Jon Skovron's debut novel, the YA book Struts & Frets, is a dynamite, nuanced story about fannish love, musical obsession, first romance and true friendship. It follows the adventures of Sammy Bojar, a small-town, midwestern high-school senior who's life revolves around his band, a trainwreck of ego and conflict called "Tragedy of Wisdom." The band means everything to Sammy because music means everything to him. He frames his whole world with indie pop, seeking out authenticity with a driven, blinding passion.
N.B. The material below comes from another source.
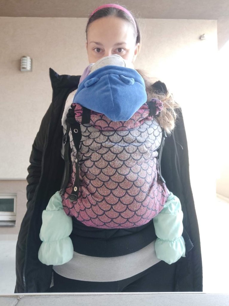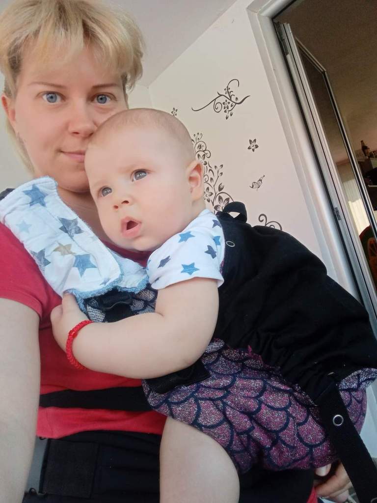 After reading about all the different types of carriers, I decided to try and test the DracoMom baby-size Mermaid Summer Eclipse. My baby is 2.5 months old and weighs 7 kg. We had a few comfortable walks, my back didn’t hurt, and the baby slept almost all the time. Thank you, Lena’s traveling carriers!

Sammy's at the turning point in his life. His best male friend is coming out, his best female friend is in love with him (and it turns out it's mutual, though he didn't know it). The frontman for his band is a roiling, angry bully who is ever on the verge of physical violence. His beloved grandfather, a minor jazz legend, is sliding into incapacity as age and a hard life catch up with him.
The plot-points are all pretty standard YA set-pieces, but there's never a stale (or dull) moment in Struts & Frets. That's thanks to the incredible nuance and heart that Skovron brings to the interpersonal relationships, using these familiar emotional scenes as pivots for a deft emotional acrobatic act that is as moving as it is engrossing.
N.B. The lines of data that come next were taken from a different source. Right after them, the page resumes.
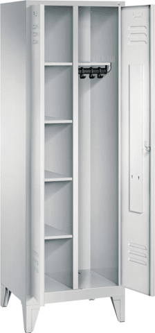 Linkes Abteil mit 4 Einlegeboden fest eingebaut, rechtes Abteil mit Ablageboden, Garderobenstange und 3 Schiebehaken.
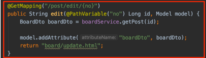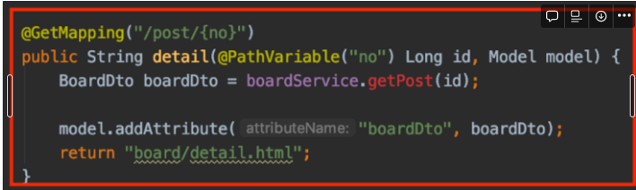 @PathVariable을 통해 요청에 오는 id값을 받아 getPost로 전달. getPost는 각 게시글의 정보를 가져오는 기능인데 Service에서 구현해줄 것이다. model.을 통해 boardDto 타입의 데이터를 view에 전달
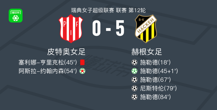 北京时间6月20日,瑞典女子超级联赛第12轮,皮特奥女足主场迎战赫根女足。比赛中,施勒德表现出色完成大四喜,尼斯特伦也有一球入账。此外,皮特奥女足在比赛中有一粒点球被阿斯拉-约翰内森罚丢,而塞利娜-亨里克松因严重犯规被红牌罚下。最终,赫根女足以5-0的比分战胜皮特奥女足。

I was never a (good) musician, but I've always been passionate about music. I remember what it was like to be in the band, to be wrapped up in all the issues around creativity, friendship and identity; to seek out answers to life's big questions in music, to worry at the unanswerable questions of commercialism, success and popularity. Struts & Frets will feel instantly authentic to anyone who's ever felt the pride and shame of being an outsider.

Sounds utterly unappealing to me.
Meh.
gah...i really like the hand drawn approach to design, but when used so mercilessly for young indie fare, it's as appealing as a brinttney spears cover of a christina aguilera song! Please...show some real youthful ingenuity and borrow (steal) from a different source :/ that alone prevented me from reading the post itself
I'll wait to pass judgment on the book till I read it, but that has to be one of the best titles I've ever seen.
Michael Cera is starring in books now?
Seriously though.. this sounds exactly like all the other "indie" focused works that these kids buy into not realizing that the films/books/etc. are not only not on the level, but rather they themselves are being generalized.
. . . so, not only were you judging the book by its cover, but you were also judging the post about the book by the cover of the book it's about? That's falling into a cliche, once removed.